Exercise details:
Beneath this line sits some data. Return only its lines from the one holding "Bangka, Seputarbabel.com —" through the one holding "留め具:カニカン 素材:ユナカイト 緑簾石", inclusive, exactly, with the images removed.

Entries supplied:
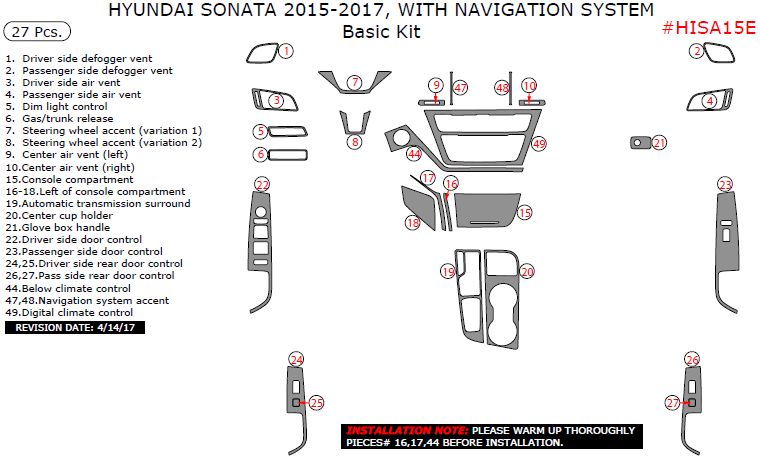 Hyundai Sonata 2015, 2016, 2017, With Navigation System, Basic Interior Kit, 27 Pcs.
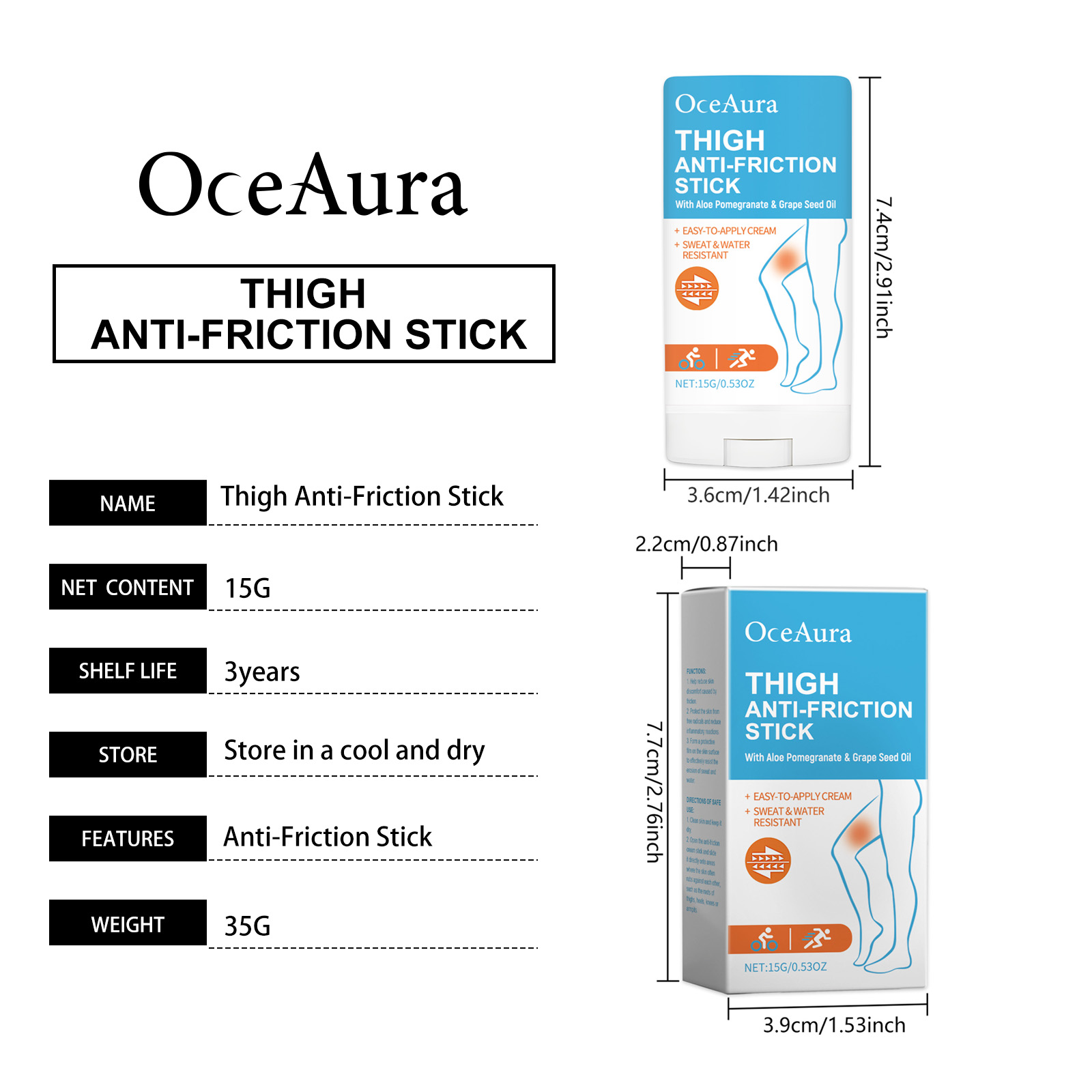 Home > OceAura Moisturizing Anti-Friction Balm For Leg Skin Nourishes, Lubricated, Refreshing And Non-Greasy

* * *

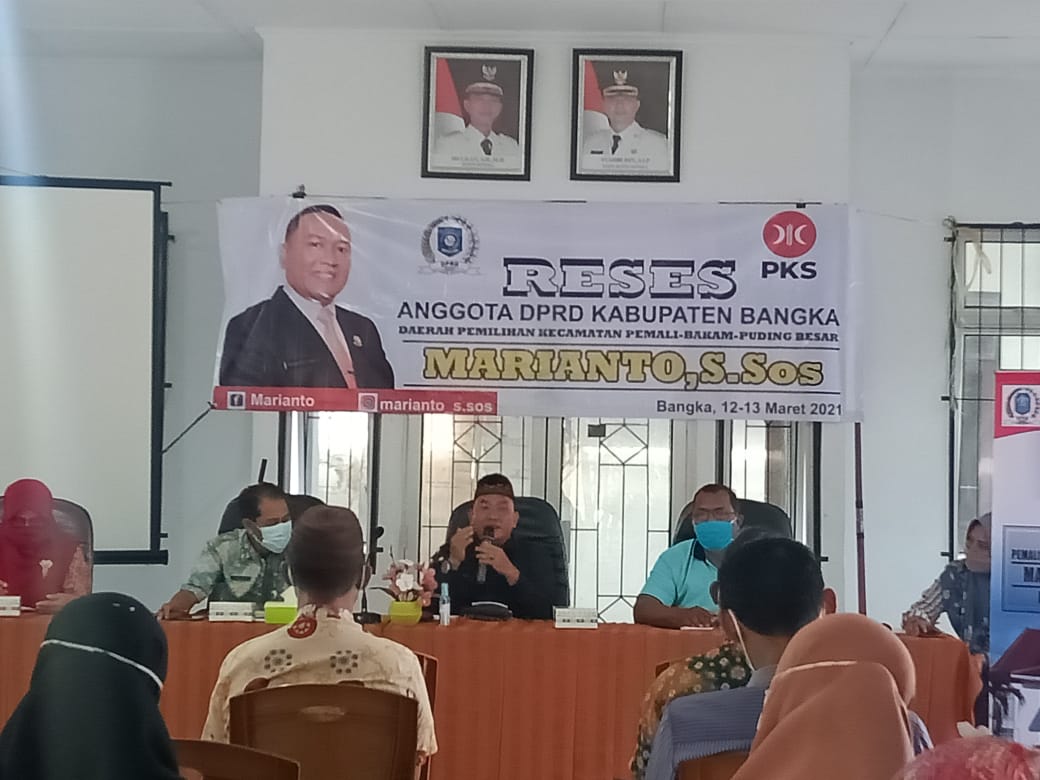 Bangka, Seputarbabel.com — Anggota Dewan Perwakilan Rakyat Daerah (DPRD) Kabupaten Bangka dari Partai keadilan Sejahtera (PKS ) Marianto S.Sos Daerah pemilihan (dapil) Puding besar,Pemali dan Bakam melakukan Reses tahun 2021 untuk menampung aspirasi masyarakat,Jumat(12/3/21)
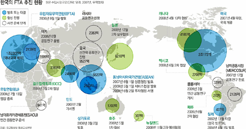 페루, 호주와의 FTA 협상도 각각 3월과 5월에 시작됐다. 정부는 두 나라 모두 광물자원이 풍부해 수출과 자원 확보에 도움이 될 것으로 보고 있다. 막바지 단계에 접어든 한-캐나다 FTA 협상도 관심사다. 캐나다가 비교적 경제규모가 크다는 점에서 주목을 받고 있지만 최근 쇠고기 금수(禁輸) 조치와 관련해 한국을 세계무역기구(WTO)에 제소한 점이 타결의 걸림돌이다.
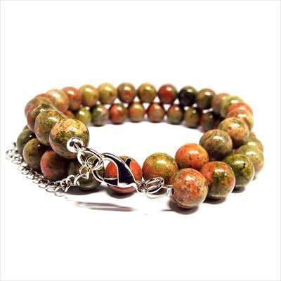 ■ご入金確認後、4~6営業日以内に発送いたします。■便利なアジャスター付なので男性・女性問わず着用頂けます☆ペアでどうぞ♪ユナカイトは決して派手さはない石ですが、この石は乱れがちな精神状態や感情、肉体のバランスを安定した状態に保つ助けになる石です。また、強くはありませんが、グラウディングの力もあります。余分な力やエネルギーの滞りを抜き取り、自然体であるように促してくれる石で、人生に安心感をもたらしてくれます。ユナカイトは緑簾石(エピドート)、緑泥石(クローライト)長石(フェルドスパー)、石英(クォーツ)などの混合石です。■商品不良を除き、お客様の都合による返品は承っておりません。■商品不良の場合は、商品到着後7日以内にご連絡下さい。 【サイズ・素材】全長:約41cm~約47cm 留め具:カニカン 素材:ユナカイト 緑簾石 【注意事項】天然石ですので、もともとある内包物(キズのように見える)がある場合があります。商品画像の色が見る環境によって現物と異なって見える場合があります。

...

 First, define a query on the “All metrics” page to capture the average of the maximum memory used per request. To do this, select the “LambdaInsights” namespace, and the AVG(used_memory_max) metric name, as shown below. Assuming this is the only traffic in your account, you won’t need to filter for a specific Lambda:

Solved problem:
 Bangka, Seputarbabel.com — Anggota Dewan Perwakilan Rakyat Daerah (DPRD) Kabupaten Bangka dari Partai keadilan Sejahtera (PKS ) Marianto S.Sos Daerah pemilihan (dapil) Puding besar,Pemali dan Bakam melakukan Reses tahun 2021 untuk menampung aspirasi masyarakat,Jumat(12/3/21)
 페루, 호주와의 FTA 협상도 각각 3월과 5월에 시작됐다. 정부는 두 나라 모두 광물자원이 풍부해 수출과 자원 확보에 도움이 될 것으로 보고 있다. 막바지 단계에 접어든 한-캐나다 FTA 협상도 관심사다. 캐나다가 비교적 경제규모가 크다는 점에서 주목을 받고 있지만 최근 쇠고기 금수(禁輸) 조치와 관련해 한국을 세계무역기구(WTO)에 제소한 점이 타결의 걸림돌이다.
 ■ご入金確認後、4~6営業日以内に発送いたします。■便利なアジャスター付なので男性・女性問わず着用頂けます☆ペアでどうぞ♪ユナカイトは決して派手さはない石ですが、この石は乱れがちな精神状態や感情、肉体のバランスを安定した状態に保つ助けになる石です。また、強くはありませんが、グラウディングの力もあります。余分な力やエネルギーの滞りを抜き取り、自然体であるように促してくれる石で、人生に安心感をもたらしてくれます。ユナカイトは緑簾石(エピドート)、緑泥石(クローライト)長石(フェルドスパー)、石英(クォーツ)などの混合石です。■商品不良を除き、お客様の都合による返品は承っておりません。■商品不良の場合は、商品到着後7日以内にご連絡下さい。 【サイズ・素材】全長:約41cm~約47cm 留め具:カニカン 素材:ユナカイト 緑簾石 【注意事項】天然石ですので、もともとある内包物(キズのように見える)がある場合があります。商品画像の色が見る環境によって現物と異なって見える場合があります。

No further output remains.